Wanting and Having it All Can Be Two Different Things

Wanting and Having it All Can Be Two Different Things

We all have dreams for our lives.  Some of them are more realistic than others. When you were little, perhaps you wanted to be a fairy princess and a mom and an astronaut, all at the same time. As you got older, the combinations might have changed, but, generally, you still saw several interconnected roles in your future.

Years ago, though, women didn’t have as many choices, and some of those choices used the conjunction “or” rather than “and.” You could be a mother or a career woman. You could go to graduate school or get married. You could remain single or have children.
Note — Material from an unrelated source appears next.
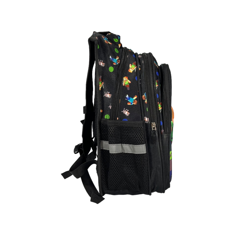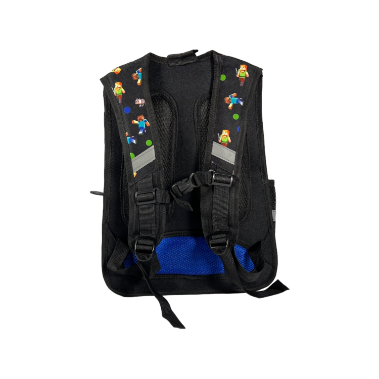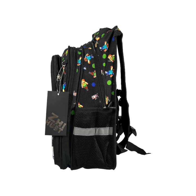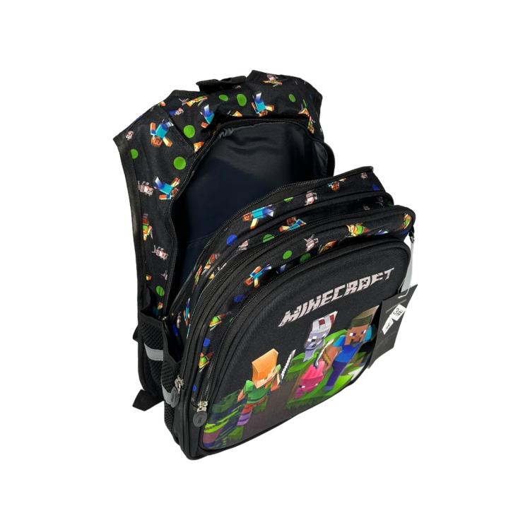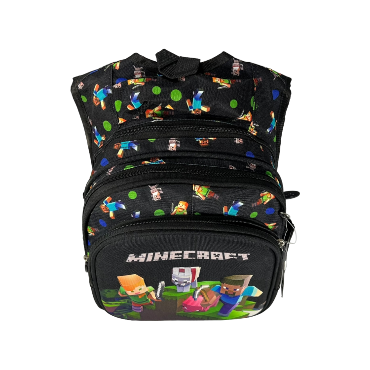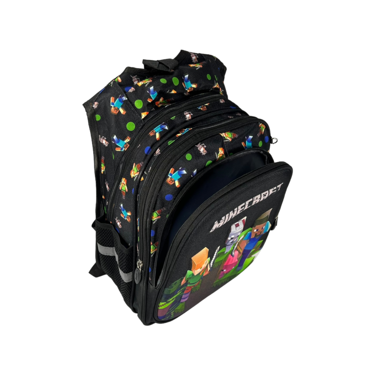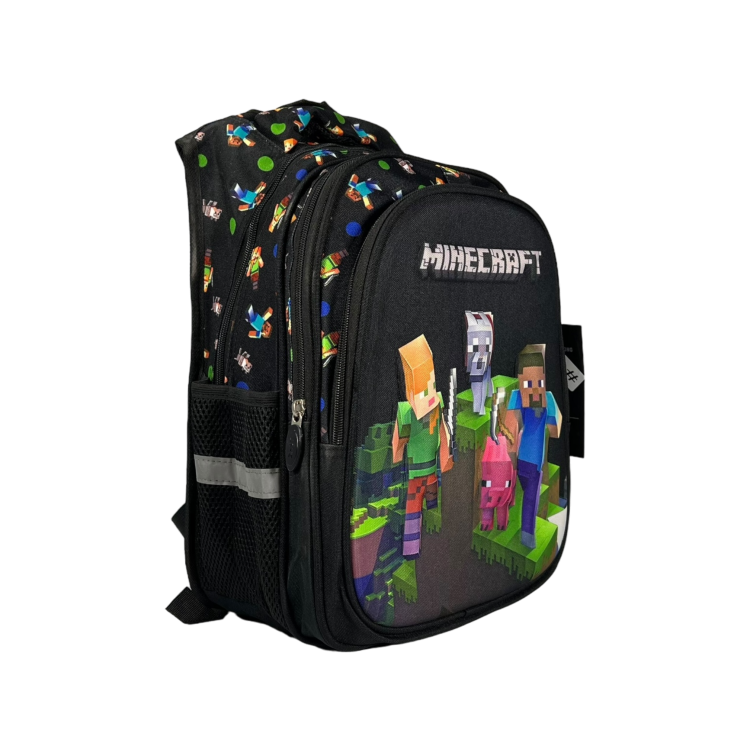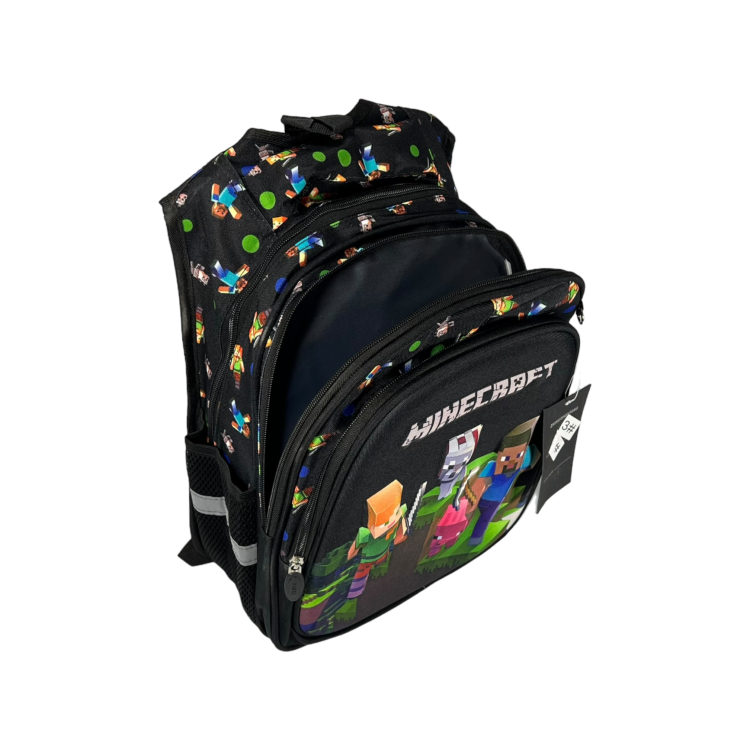 Стильный дизайн и принт: Рюкзак представлен в классическом черном цвете с принтом Minecraft, что делает его особенно привлекательным для маленьких фанатов игры и подходящим для любого стиля.

In the ensuing decades, as more choices became possible, the belief was that women would select many roles. They would want to “have it all.” “Have it all” meant they would find a partner, have two or three children, and pursue a professional career, or at least have a paying job. Added to this list might be supporting their partners’ careers, volunteering at their child’s school or at church or in the community, and helping aging parents. Few women could successfully fulfill all of these obligations, and certainly not at the same time.

Today cultural trends regarding marriage, motherhood, and work are changing. Women are getting married at later ages, and many women are choosing to remain single. Last year, 41% of births were to single women, and almost 71% of women with children under eighteen were in the labor force. Research further shows that the average woman takes only ten weeks off for childbirth before returning to work.

There have been some workplace advances that have helped women manage their multiple roles. The Family Medical Leave Act of 1993 gave employees (both women and men) the right to take 12 weeks of unpaid leave for childbirth or adoption, or to provide care for a seriously ill relative. Some organizations offer flexible work schedules or the opportunity to work from home. These can be invaluable when trying to merge work and family commitments.

Before accepting a job or moving to a new company, explore options that are, or might become, relevant to your family situation in the future. Be sure you understand benefits related to having children. For example, family medical leave, which protects your job while you are out, only applies to employers with 50 or more employees and you must have worked for your employer at least 12 months. Ask about short term disability insurance which may help provide income when having a baby. Also check whether the health care insurance policy covers children, and, if so, at what cost. These will be important if and when you have children.

Also, check for workplace flexibility. Are there personal days available each year? Is it a “family friendly” organization?” Can you work from home if your child gets ill? What is their policy on snow days if schools close?

If you are interested in furthering your education, check to see if the employer has tuition reimbursement or if you can change your work schedule to accommodate a needed class. Ask about policies related to taking a loan from their 401k program if you have a family financial crisis or want to buy a home or send a child to college.

Most, if not all, of these topics should be covered in the employee handbook. It’s a good idea to ask for a copy before you formally accept a job.

Whether or not you “want it all,” you should still prepare for life’s changes and challenges. A lack of preparation may limit both your choices and those dreams you have.